PROBLEM TO SOLVE: Quote, word for word, only the lines running from the line with "New turn on" through the end of the listing. Leave out the pictures.

STORED DATA:
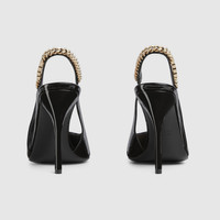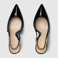 The Gucci Signoria pump, named after the central piazza of Florence, recalls the classic elegance of the House’s founding city. With its shiny patent leather, pointed toe and eye-catching Gucci chain, this slingback style elevates the everyday wardrobe for the coming season. - Black patent leather - Women's - Pointed toe - Gucci chain, stitched by hand - Leather sole - Elastic slingback closure - High heel - 4.1" heel height, based on a size 37 (IT) - Made in Italy
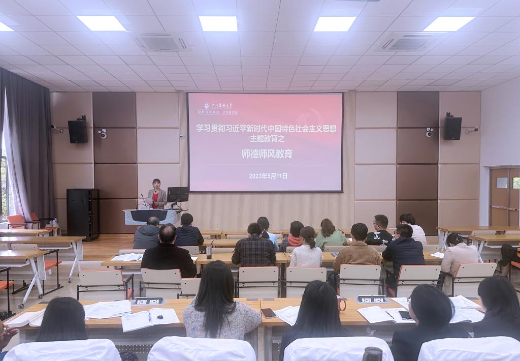 5月11日下午,动科动医学院在学2-201举行学习贯彻习近平新时代中国特色社会主义思想主题教育之师德师风专题教育学习会,并宣讲了热点财经政策,强化财务报销与经费使用规范。全院教职工参加会议,会议由学院党委书记苏小菱主持。
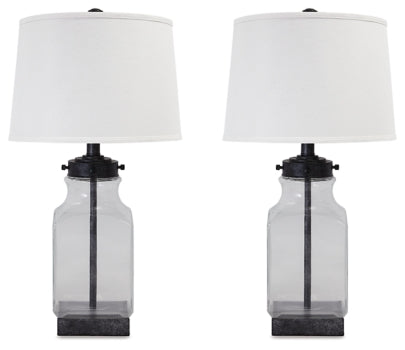 New turn on an old classic. This delightfully styled table lamp set is brimming with vintage-inspired charm. Elements include antiqued silvertone metal paired with a smoky glass base and a modified drum shade for a crisp, clean touch.
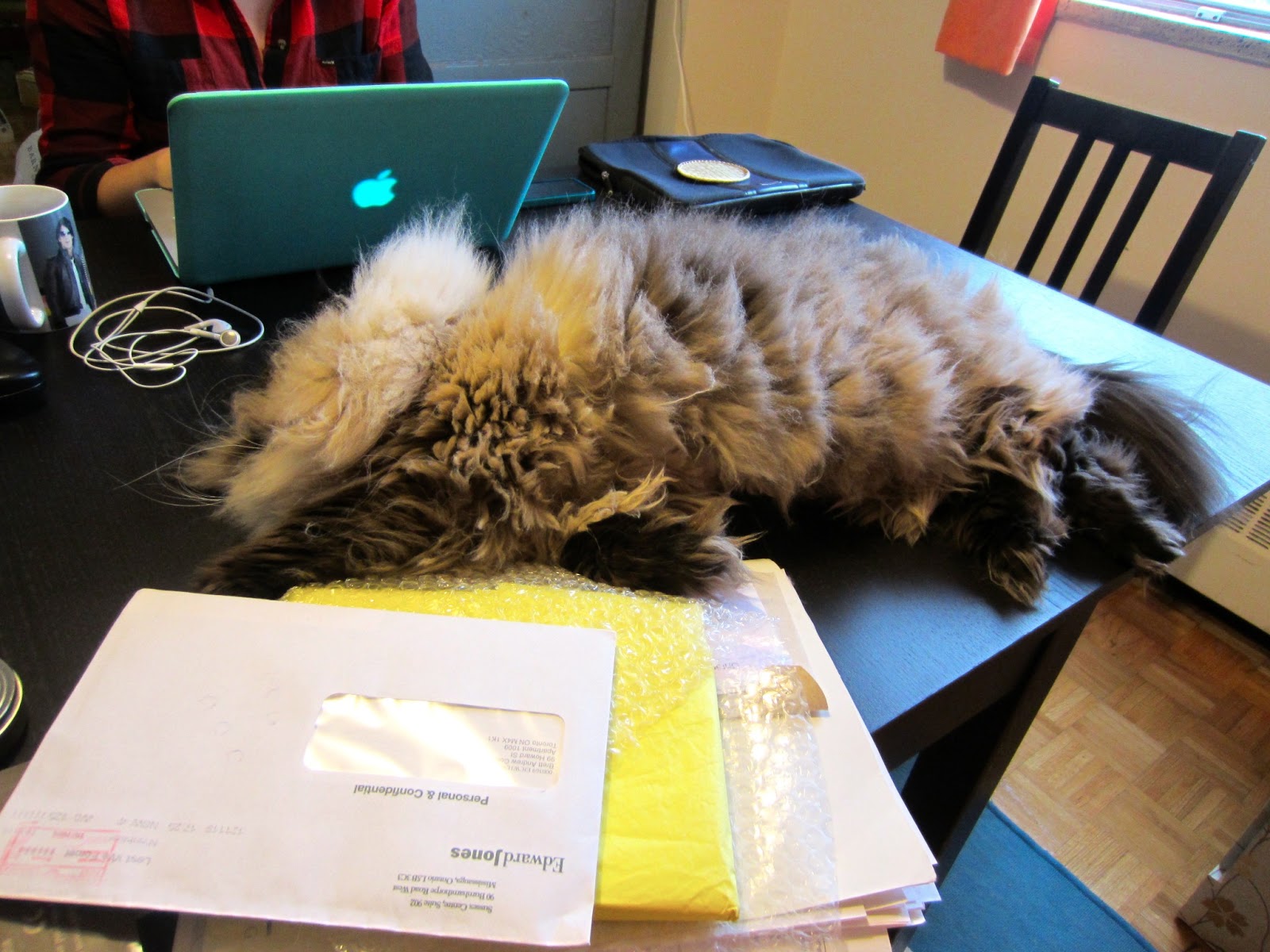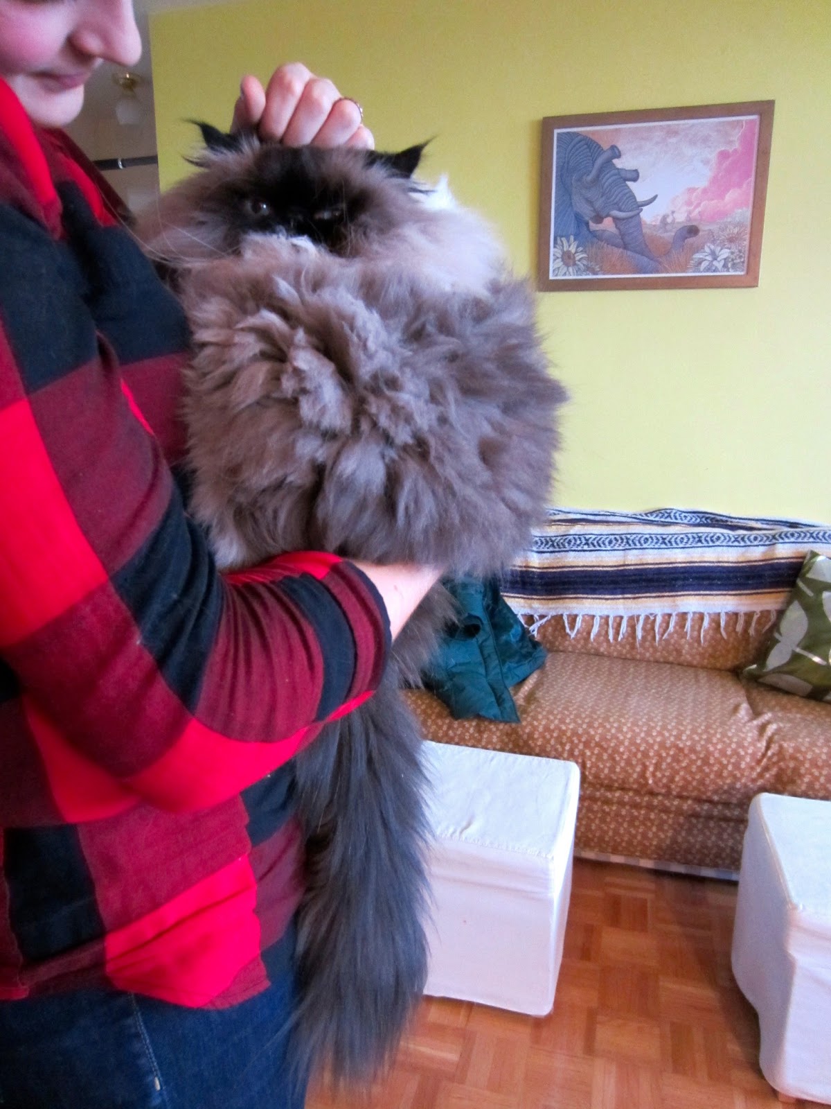 Kitten and Elena go wayyyyy back. All the way back to this past June (and for a cat, that's like, pretty far back). Elena came to cat-sit Kitten while   I was away over the summer (not to be confused with my other cat-sitter, Lindsey, who blogged about her Kitten-sitting experiences on her own blog: Happy or Hungry), and the two of them had a totally fab time and Kitten totally did not try to molest Elena or anything.

OUTPUT:
 New turn on an old classic. This delightfully styled table lamp set is brimming with vintage-inspired charm. Elements include antiqued silvertone metal paired with a smoky glass base and a modified drum shade for a crisp, clean touch.
 Kitten and Elena go wayyyyy back. All the way back to this past June (and for a cat, that's like, pretty far back). Elena came to cat-sit Kitten while   I was away over the summer (not to be confused with my other cat-sitter, Lindsey, who blogged about her Kitten-sitting experiences on her own blog: Happy or Hungry), and the two of them had a totally fab time and Kitten totally did not try to molest Elena or anything.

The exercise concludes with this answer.